Fact Check: What Did SCOTUS Really Say About Transgender Hiring and Firing?
(RightWing.org) – On the first Monday of October of each year, the Supreme Court of the United States (SCOTUS) begins a new session. During this time, they hear oral arguments on matters and occasionally render decisions along the way. However, it’s not until June of the following year that they release their findings on many of the major cases before them.
Most court-watchers assumed that issues split along ideological lines would break the conservative direction with President Trump’s appointments of Justices Brett Kavanaugh and Neil Gorsuch. Sometimes the old adage about assumptions really rings true.
- SCOTUS handed down a ruling in the case of Bostock v. Clayton County that many are hailing as a major victory for LGBTQ rights. The question came in front of the justices after both the district and circuit courts ruled against the plaintiff, Gerald Bostock.
- Bostock was an employee of the county, where he enjoyed positive employment reviews. At some point, he decided to join a gay softball league, his participation was common knowledge at work.
- His supervisors then announced they were going to be conducting an “audit” of the programs he was involved in. Not long afterward, he was terminated from his position for “conduct unbecoming of employees.” He filed a pro se lawsuit — without the assistance of an attorney — claiming this was a violation of the Civil Rights Act of 1964.

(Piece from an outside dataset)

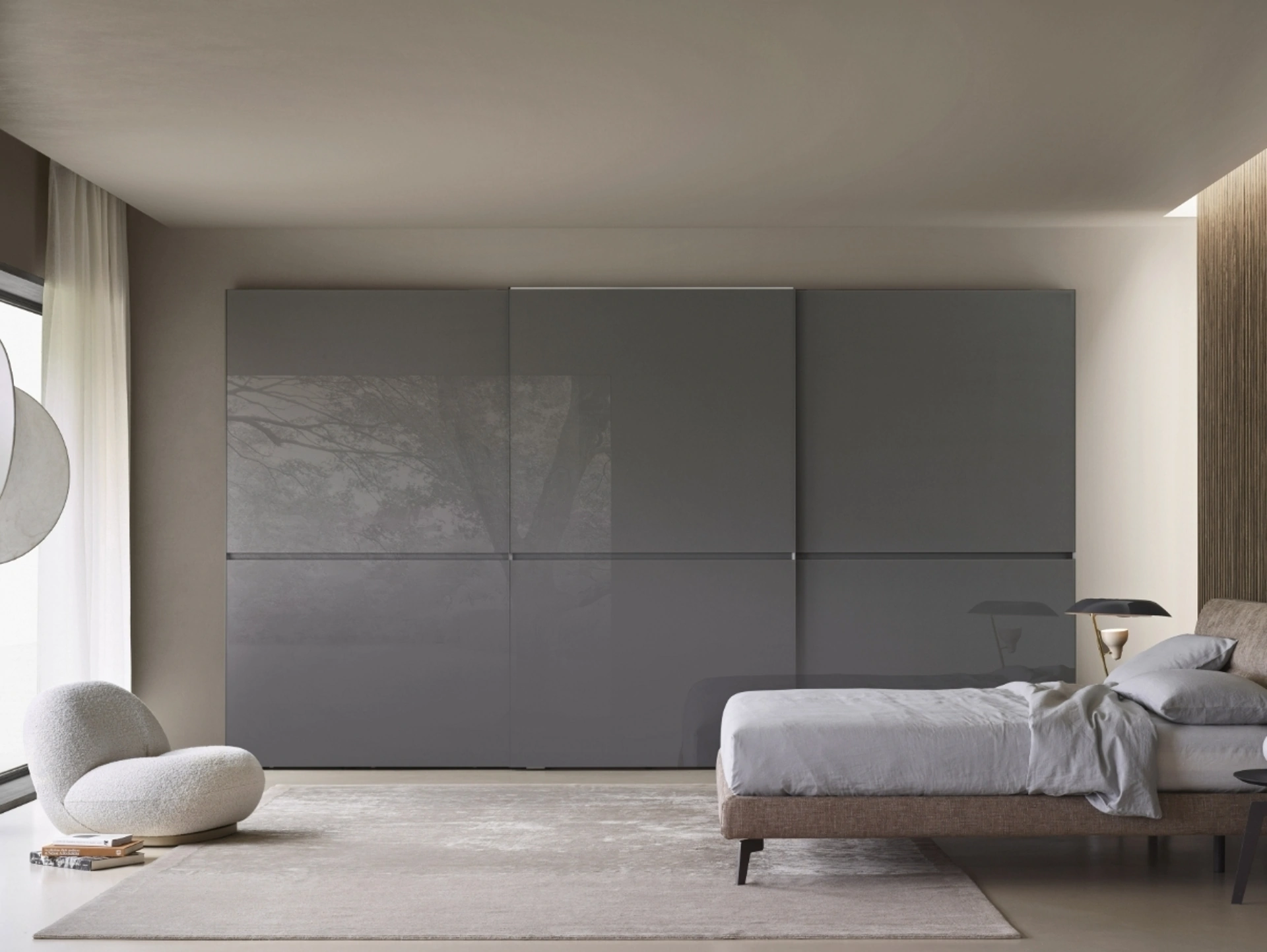 Se cerchi armadi a muro con ante scorrevoli, clicca e scopri l'armadio Horizontal Vetro di Sangiacomo in vetro.
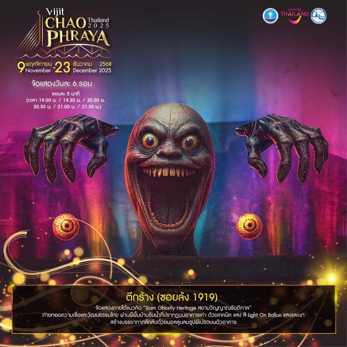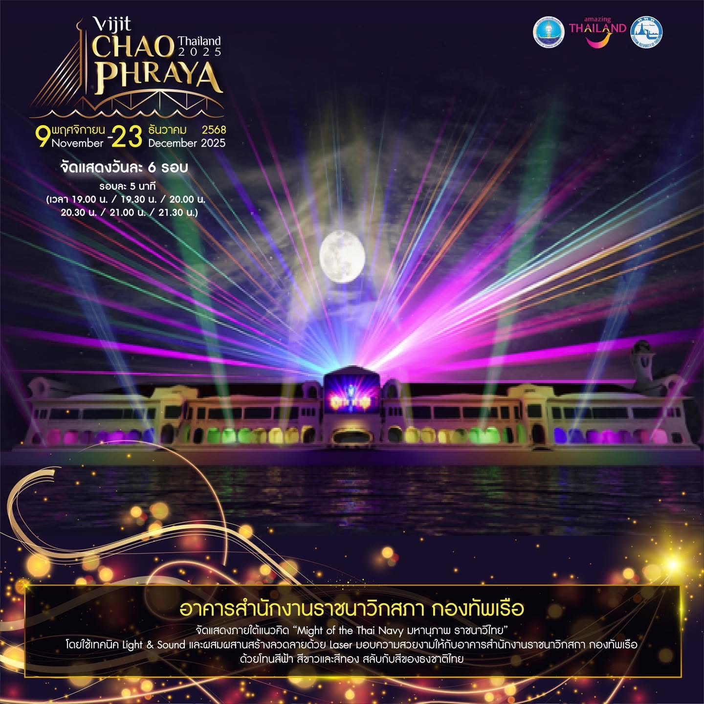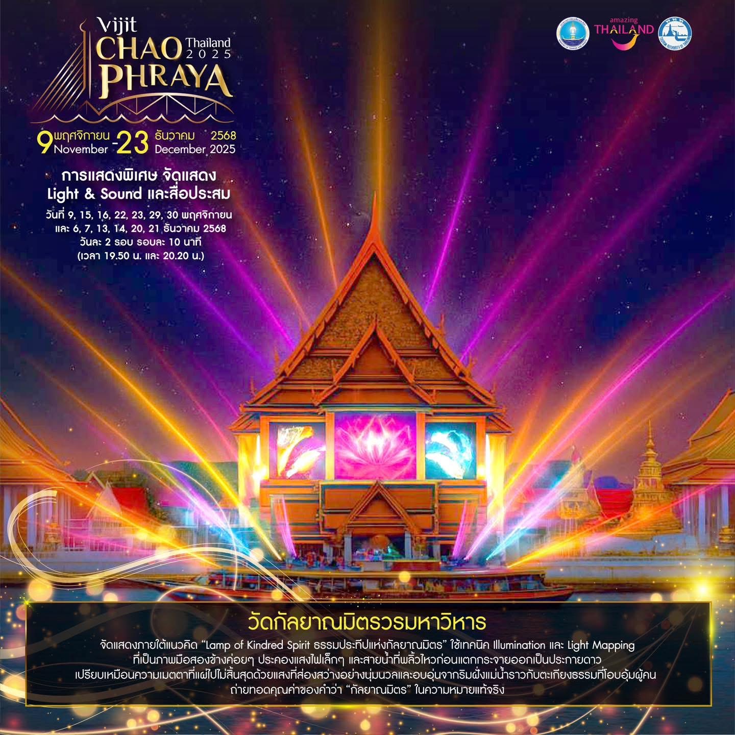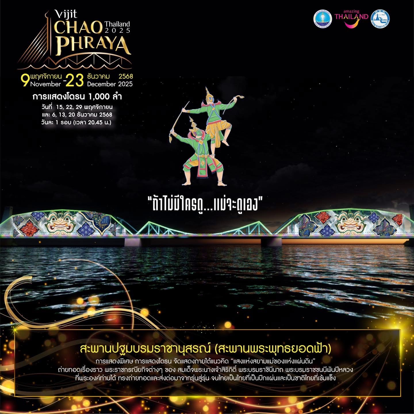 Book Now! Experience “Vijit Chao Phraya 2025” – The Light of Siam, honoring the Mother of the Land along the Chao Phraya River. Organized by the Tourism Authority of Thailand (TAT).

- In a 6-3 split, SCOTUS sided with Bostock and overturned the two lower courts. The four Liberal members of the panel were joined by Justice Gorsuch, who wrote the opinion and the purportedly-conservative Chief Justice John Roberts in ruling that the term “sex” of the legislation included homosexuals and transgenders.
- Justice Samuel Alito wrote a dissenting opinion, which was joined by Justice Clarence Thomas in which they took the majority to task for essentially rewriting the law, which is the purview of the legislative and executive branches, not the judicial branch. Justice Kavanagh authored his own dissent, pointing out that Congress did not include sexual orientation as a protected class. It’s also worth noting the legislature has advanced numerous other civil rights laws and has never added them.
What This All Means
Even though some are decrying this as a case of blatant judicial activism, it’s still the law of the land. In general, if an employer should become aware of a person’s self-proclaimed sexual identity, they can neither fire them nor refuse to hire them in the first place, absent other cause.
However, it does not appear the ruling has any impact on religious organizations, at least at this time. Legal experts for Christian groups have reviewed the ruling and they say nothing within it addresses the broad exemptions provided for in the original 1964 act, nor any previous high court rulings that have upheld them.